**EXERCISE DETAILS**. Beneath this instruction is a listing. Transcribe from it only the stretch from the line with "Zwarte armband met" through the line with "0-2) | näytä | |", both end lines included, exactly as written.

**EXERCISE DATA**.
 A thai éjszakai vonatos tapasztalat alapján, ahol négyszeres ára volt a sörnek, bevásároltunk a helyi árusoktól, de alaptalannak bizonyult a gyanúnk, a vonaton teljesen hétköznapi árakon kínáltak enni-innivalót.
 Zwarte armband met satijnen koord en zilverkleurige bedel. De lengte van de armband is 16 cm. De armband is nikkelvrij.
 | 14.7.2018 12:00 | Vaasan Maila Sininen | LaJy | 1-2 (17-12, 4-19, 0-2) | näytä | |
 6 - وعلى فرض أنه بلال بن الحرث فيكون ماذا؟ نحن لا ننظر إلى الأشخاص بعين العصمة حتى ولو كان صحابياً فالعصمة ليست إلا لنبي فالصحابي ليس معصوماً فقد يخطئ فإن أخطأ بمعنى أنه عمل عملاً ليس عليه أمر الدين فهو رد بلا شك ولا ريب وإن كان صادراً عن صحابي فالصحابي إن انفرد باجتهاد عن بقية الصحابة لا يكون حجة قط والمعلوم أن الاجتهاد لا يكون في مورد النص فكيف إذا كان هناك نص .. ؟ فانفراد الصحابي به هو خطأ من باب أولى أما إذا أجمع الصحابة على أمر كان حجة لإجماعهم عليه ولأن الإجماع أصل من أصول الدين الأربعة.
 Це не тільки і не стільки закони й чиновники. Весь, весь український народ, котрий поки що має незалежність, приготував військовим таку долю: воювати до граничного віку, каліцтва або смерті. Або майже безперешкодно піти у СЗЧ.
---
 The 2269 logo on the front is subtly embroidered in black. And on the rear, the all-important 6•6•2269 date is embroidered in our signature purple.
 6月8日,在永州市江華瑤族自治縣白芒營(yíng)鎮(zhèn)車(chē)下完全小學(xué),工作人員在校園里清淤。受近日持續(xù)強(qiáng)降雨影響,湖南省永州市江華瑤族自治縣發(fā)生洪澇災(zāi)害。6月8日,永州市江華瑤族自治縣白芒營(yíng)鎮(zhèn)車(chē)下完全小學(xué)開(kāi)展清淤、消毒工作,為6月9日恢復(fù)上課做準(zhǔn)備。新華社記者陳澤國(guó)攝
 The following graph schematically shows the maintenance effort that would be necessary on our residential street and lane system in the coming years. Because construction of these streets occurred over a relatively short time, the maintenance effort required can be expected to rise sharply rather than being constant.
--
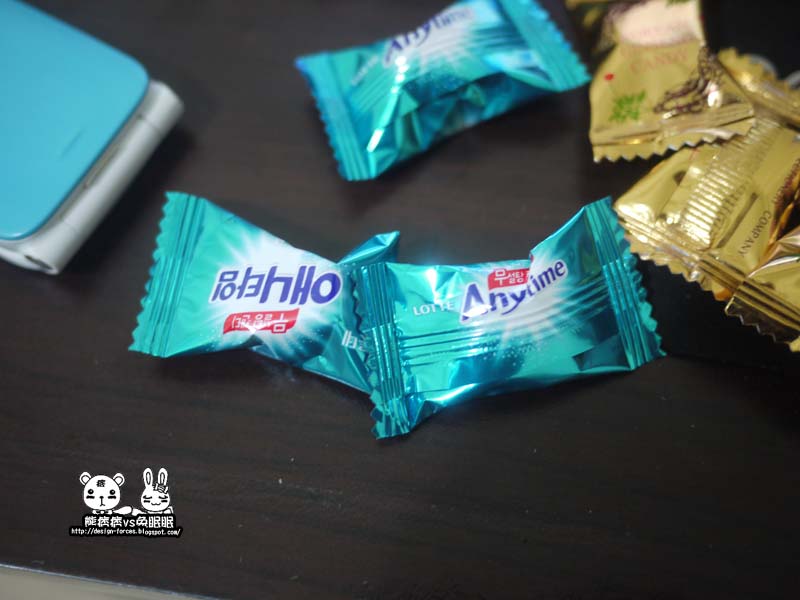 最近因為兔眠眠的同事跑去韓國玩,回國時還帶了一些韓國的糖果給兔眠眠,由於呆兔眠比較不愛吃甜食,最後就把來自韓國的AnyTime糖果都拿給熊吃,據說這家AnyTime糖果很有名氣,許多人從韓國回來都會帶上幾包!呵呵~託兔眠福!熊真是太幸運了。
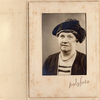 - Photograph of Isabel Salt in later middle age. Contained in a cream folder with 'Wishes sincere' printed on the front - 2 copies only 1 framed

**THE ANSWER**.
 Zwarte armband met satijnen koord en zilverkleurige bedel. De lengte van de armband is 16 cm. De armband is nikkelvrij.
 | 14.7.2018 12:00 | Vaasan Maila Sininen | LaJy | 1-2 (17-12, 4-19, 0-2) | näytä | |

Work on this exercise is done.